Voluntary water, fishing restrictions implemented on Big Hole

As the hot summer presses on, the Big Hole Watershed Committee is beginning voluntary restrictions outlined in the Big Hole River Drought Plan.

“We all know it’s dry,” said Randy Smith, chairman of the BHWC. “We’re working together to get through this thing.”

The Big Hole River Drought Management Plan was adopted in 1997 and has been updated several times since then. The goal of the plan, as stated in the first paragraph is: “to mitigate the effects of low stream flows and lethal water temperatures for fisheries (particularly fluvial Arctic grayling) through a voluntary effort among agriculture, municipalities, businesses, conservation groups, anglers, and affected government agencies.”

The plan is essentially voluntary, but it also calls for fishing closures when water levels drop to a certain point or temperatures elevate past a certain level.

The idea behind the plan is to have a series of levels of response as water temperatures increase and the river level drops, Smith said.

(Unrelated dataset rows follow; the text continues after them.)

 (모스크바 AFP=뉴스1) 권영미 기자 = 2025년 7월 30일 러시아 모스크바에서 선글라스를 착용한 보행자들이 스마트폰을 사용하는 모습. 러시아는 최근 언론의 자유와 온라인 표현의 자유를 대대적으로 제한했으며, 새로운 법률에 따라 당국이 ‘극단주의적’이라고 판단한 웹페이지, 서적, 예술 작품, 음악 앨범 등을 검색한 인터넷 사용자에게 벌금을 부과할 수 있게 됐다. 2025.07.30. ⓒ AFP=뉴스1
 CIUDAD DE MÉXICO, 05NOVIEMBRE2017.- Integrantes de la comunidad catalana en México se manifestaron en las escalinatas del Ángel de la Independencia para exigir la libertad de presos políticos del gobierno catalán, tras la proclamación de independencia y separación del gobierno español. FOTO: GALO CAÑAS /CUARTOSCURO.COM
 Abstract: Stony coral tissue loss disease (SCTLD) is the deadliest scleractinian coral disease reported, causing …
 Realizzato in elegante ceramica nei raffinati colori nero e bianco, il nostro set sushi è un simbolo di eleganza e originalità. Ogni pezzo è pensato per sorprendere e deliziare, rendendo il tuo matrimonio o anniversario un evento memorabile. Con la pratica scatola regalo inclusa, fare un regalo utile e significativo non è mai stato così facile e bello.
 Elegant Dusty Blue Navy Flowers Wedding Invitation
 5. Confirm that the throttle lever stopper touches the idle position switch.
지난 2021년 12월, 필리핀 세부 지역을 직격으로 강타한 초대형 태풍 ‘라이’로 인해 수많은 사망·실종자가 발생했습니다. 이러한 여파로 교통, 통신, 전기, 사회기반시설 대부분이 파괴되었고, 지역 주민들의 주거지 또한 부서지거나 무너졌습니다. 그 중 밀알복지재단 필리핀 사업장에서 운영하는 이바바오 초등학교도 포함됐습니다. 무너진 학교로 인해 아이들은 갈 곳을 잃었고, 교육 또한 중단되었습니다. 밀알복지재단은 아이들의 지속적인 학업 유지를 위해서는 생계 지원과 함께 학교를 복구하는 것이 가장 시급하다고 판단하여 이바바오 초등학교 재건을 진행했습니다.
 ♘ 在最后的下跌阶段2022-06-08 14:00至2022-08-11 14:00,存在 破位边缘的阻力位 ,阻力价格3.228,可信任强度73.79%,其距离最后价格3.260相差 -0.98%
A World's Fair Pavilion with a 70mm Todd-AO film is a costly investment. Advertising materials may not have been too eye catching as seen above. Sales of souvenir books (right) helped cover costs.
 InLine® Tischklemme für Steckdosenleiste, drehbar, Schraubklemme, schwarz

“It’s an educational thing at the start to make people aware that the water levels are getting low and it’s dangerous for fish and tough on irrigators and recreationalists and everyone alike,” he said.

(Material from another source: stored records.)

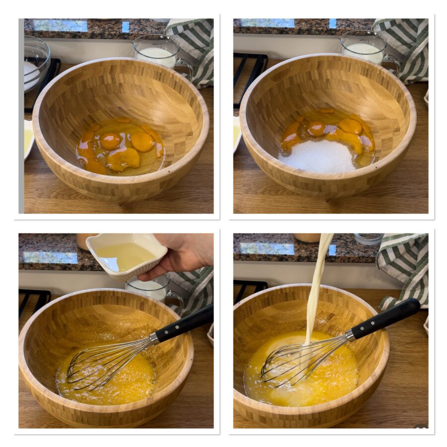 Für die gefüllten Pfannkuchen schlag die Eier (sie sollten Zimmertemperatur haben) in eine Schüssel, gib den Zucker dazu und verrühre alles kurz mit dem Schneebesen. Füge das Öl hinzu, rühre ein und gieße dann die Milch dazu. Vermische alles mit dem Schneebesen, dann siebe den Kakao hinzu.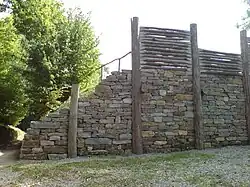 ![]() Luftbild von Burgstall mit markierter historischer Befestigungsanlage der keltischen Siedlung Oppidum Burgstall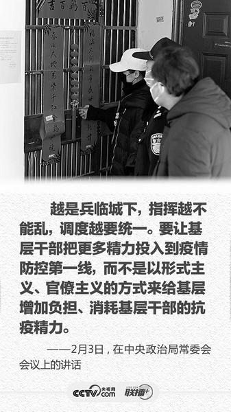 1月7日習近平總書記主持召開中央政治局常委會會議,對新冠肺炎疫情防控工作提出要求;1月20日就疫情防控作出重要指示,強調“要把人民群眾生命安全和身體健康放在第一位”;月28日會見世衛組織總干事,指出“疫情是魔鬼,我們不能讓魔鬼藏匿”;月10日在北京調研指導疫情防控工作,要求以更堅定的信心、更頑強的意志、更果斷的措施,堅決打贏疫情防控的人民戰爭、總體戰、阻擊戰……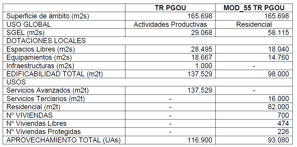 De 137.529 m2 previstos para servicios avanzados y ninguna vivienda se pasa a 700 viviendas y cero m2 para servicios avanzados. El siguiente cuadro refleja lo que estaba previsto en el «modelo de ciudad» plasmado en el Texto Refundido del Plan General de 2006 (TR PGOU) , según dice ahora Antonio Muñoz, y lo que el propio Muñoz impulsó con la recalificación mediante la Modificación Puntual Nº 55: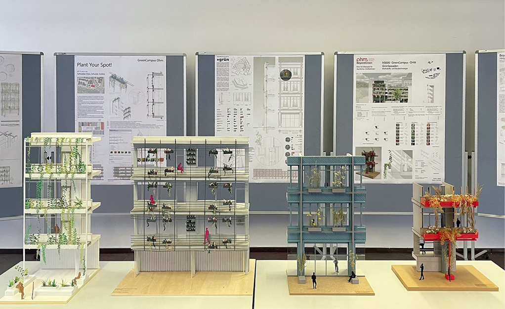 Im Masterseminar „GreenCampus-Ohm“ [23] wurden diese Potenziale exemplarisch in Verbindung mit Hochschulgebäuden der Ohm untersucht (Bild 13). Zur Auswahl standen zwei Bestandsgebäude, die für nachträgliche Begrünung geeignet sind und bei denen erhöhter Bedarf für Verbesserungen des sommerlichen Wärmeschutzes und der Verschattung vorliegt, sowie das im November 2025 eröffnete Ohm Innovation Center. Ausgehend von objektspezifischen konstruktiven Anforderungen der Gebäude und Bedürfnisanalysen der jeweiligen Nutzer:innen erarbeiteten die Studierenden verschiedene Szenarien für Begrünungen mit Kletterpflanzen in Trogsystemen. Die Entwürfe wurden anhand eines Fassadenausschnitts zeichnerisch konstruktiv und atmosphärisch vertieft, einschließlich Vorschlägen für die Bepflanzung, und im Modell ausgearbeitet (Bild 14).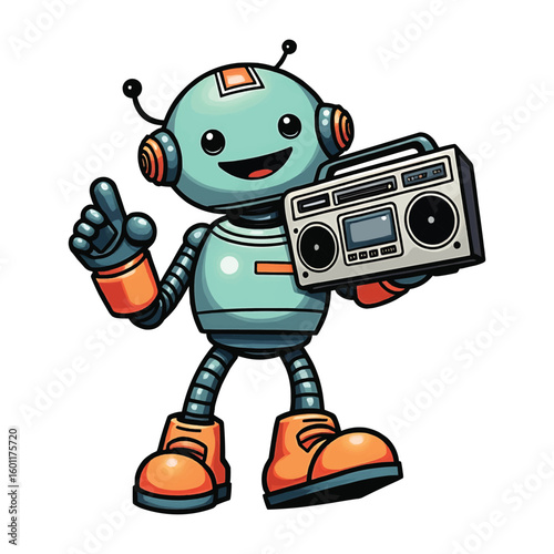 Funky Retro Robot with Classic Stereo Player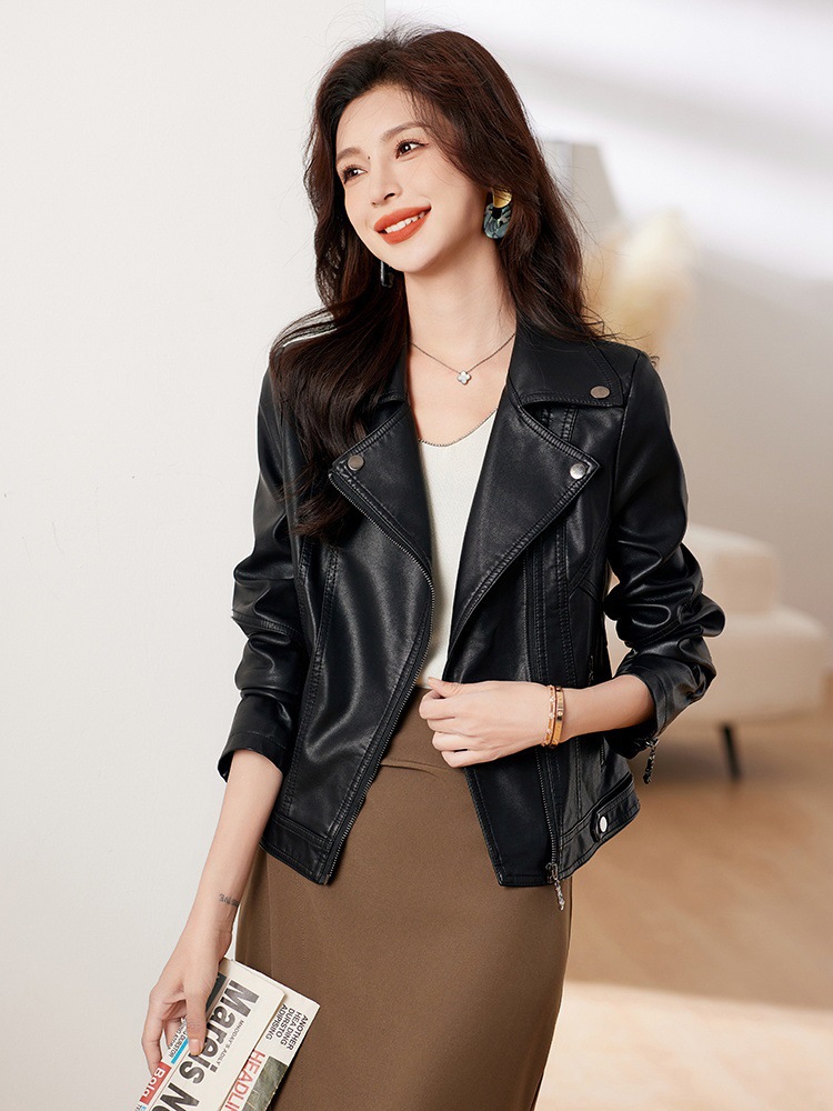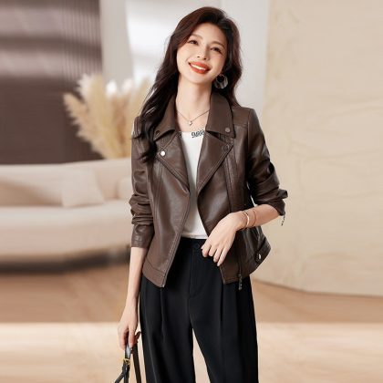| nameOriginal | Fashion Commuter Elegant Lapel Coat Women's New Simple and Generous All-match Solid Color Motorcycle Leather Coat for Autumn 2024 |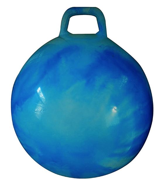 这种是让娃站着骑着蹦跶的,Amazon上4600+的好评,它里面有泡沫弹簧,每次落地会发出吱吱的声音,3岁以上的宝宝可以玩。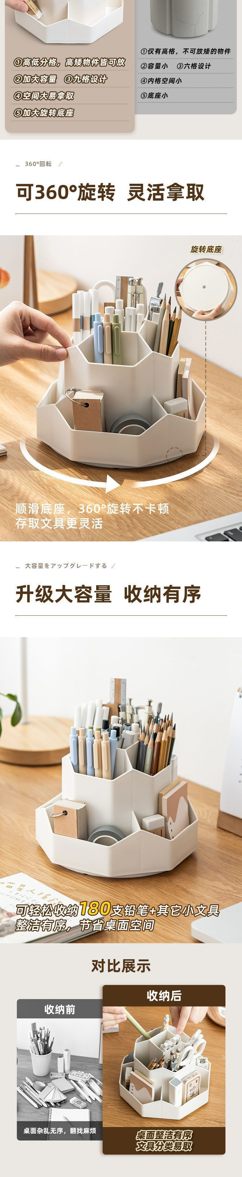 더블 회전 펜 홀더 대용량 더블 레이어 좋은 회전 펜 배럴 귀여운 학생 어린이 소녀 데스크탑 스토리지 박스

The drought management plan splits the river into four sections and currently each section has met triggers within the plan that call for voluntary irrigation and stock water restrictions and limiting fishing to morning hours, Smith said.

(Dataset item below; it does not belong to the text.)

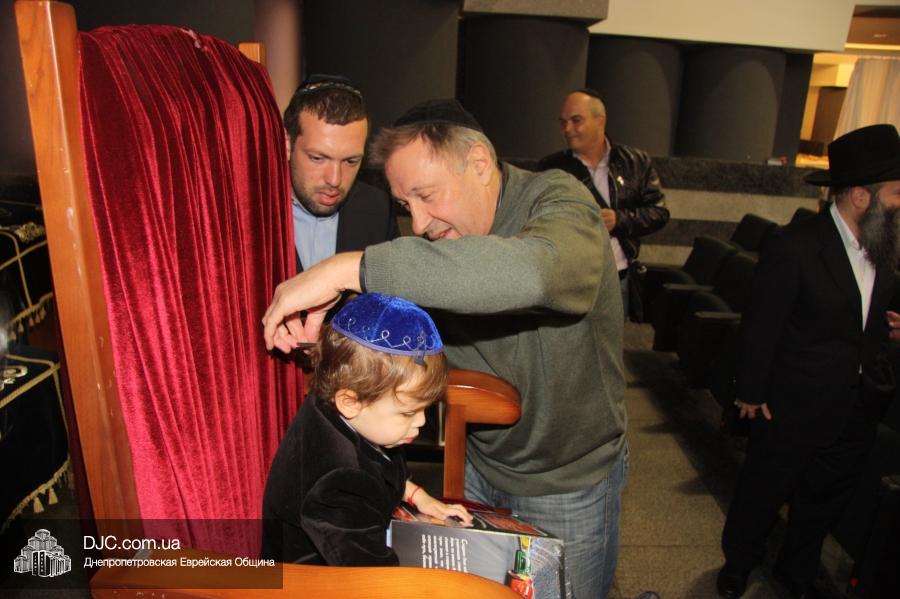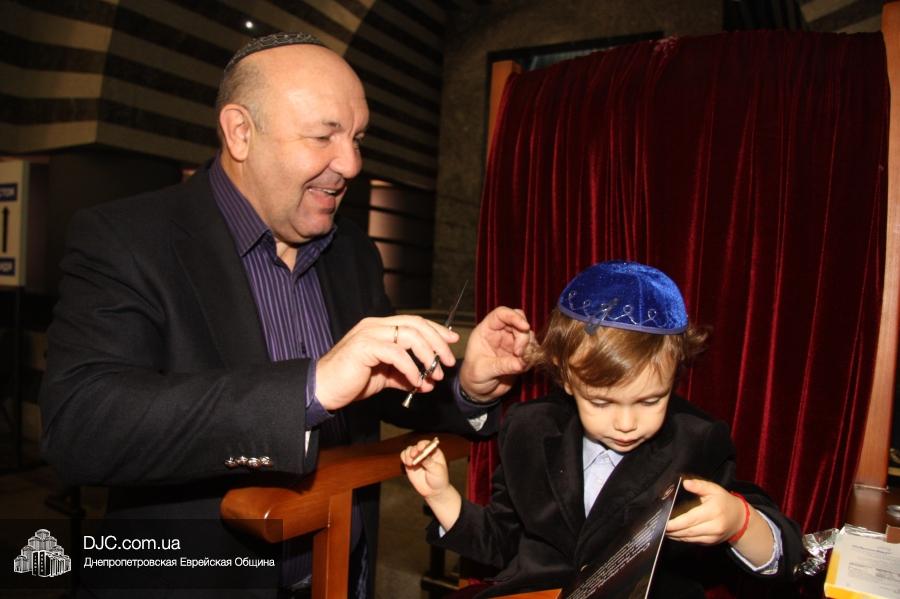В главном молитвенном зале Центральной синагоги «Золотая Роза» прошла церемония первой стрижки волос мальчика, достигшего трехлетнего возраста, которая называется «опшерниш», для Марка (Исаака) Грищева, сына Дмитрия и Яны Грищевых, внука члена Попечительского Совета Днепропетровской еврейской общины Федора Ивановича Грищева!

Currently, the upper Big Hole is flowing at about 27 cubic feet per second at Wisdom, 89 cfs at Mudd Creek, 259 cfs at Maiden Rock, and 224 near Glen.

Though the summer has been dry, conditions haven’t been as dry as Smith expected.

“The snowpack came out okay as far as not coming out all at once,” he said. “Probably with the prior water years, we’ve probably got a little excess flow coming in from that.”

The drought management plan was developed with many of the interests groups involved, Smith said. The idea was to try and get everyone who needs the Big Hole River to be healthy to come together to make a plan on how water was going to be managed when conditions were tough.

“What we tried to do with the drought management plan is try not to make any one user bear the brunt of the cost,” he said.

What came from the process was the understanding that everyone from fishermen to ranchers cherished the river as a resource.

“What we found out is the different interests on the river really have the same interests and that’s the resource and trying to protect it,” Smith said.

Under the drought plan, fishing will be closed on stretches of the river that reach 70 degrees for eight hours three days in a row. That hasn’t occurred yet and on most of the river, the temperatures are peaking near or just below 70 degrees each day.

Irrigators are urged to cut back where they can on water use and use well water for stock.

Flows on the upper Big Hole River are monitored closely because of the native population of Artic grayling. The fish is sensitive to low flows and high water temperatures and the upper Big Hole is important spawning habitat for the fish, according to a press release issued by the BHWC.